Cahill U.S. Marshal



CAHILL: U.S. MARSHALL (1973, Andrew V. McLaglen)

An odd western with Duke as an aging Marshal whose sons go astray because daddy isn't home enough. They absolutely want his attention and therefore make some 'bad friends' and get involved in a bank robbery. Of course things go terribly wrong: nobody was supposed to get hurt, but one of daddy's friends even gets killed, and instead of bad friends, the bank robbers turn out to be real mean bastards. 


It has been suggested that Cahill, U.S. Marshal was intended as a cop thriller (*1). Thanks to Clint Eastwood's portrayal of Dirty Harry cop thriller were in the air, but apparently it was decided in the last minute to put Big John back in the saddle. Cahill is definitely a 'post-True Grit' movie: like the more successful Big Jake (1971), it plays with the new persona Wayne had adopted in his Oscar winning role: a living anachronism, a man who had outlived his time, but had not yet lost his touch. But, like John Wills has stated in his study, in True Grit and Big Jake Wayne's persona was presented as a remnant of some older order, brought back for a limited mission in 'modern times' (*2): the sly fox was asked to do some dirty work younger generations were unable to handle. The role fitted the aging Duke like a glove.

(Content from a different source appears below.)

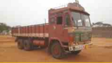
ASHOK LEYLAND TUSKER 2214 CARGO TRUCK

In Cahill things are a little different. Wayne plays an aging widower who has two young boys back home but prefers to spend his days out there, tracking down bad guys. The subject must have been very dear to his heart: like J.D. Cahill, the actor John Wayne had often been an absent father to his children, always moving on to the next movie. His autobiographers Randy Roberts and J.S. Olsen go as far as to describe the movie 'close to biographical'. This might also have been the reason why John Wayne wasn't happy with the finished movie: in an interview he declared that the movie had "a good theme" but "wasn't a well-done picture, because it needed better writing and a little more care in the making." (*3) Cahill U.S. Marshal is not a bad film, it's rather slow-moving and the action scenes are sparse, but they're well-crafted and the finale - daddy saving his kids by blowing the baddies to hell - is surprisingly violent. Cahill is entertaining enough; the problem is that there seems to be a better movie lurking underneath.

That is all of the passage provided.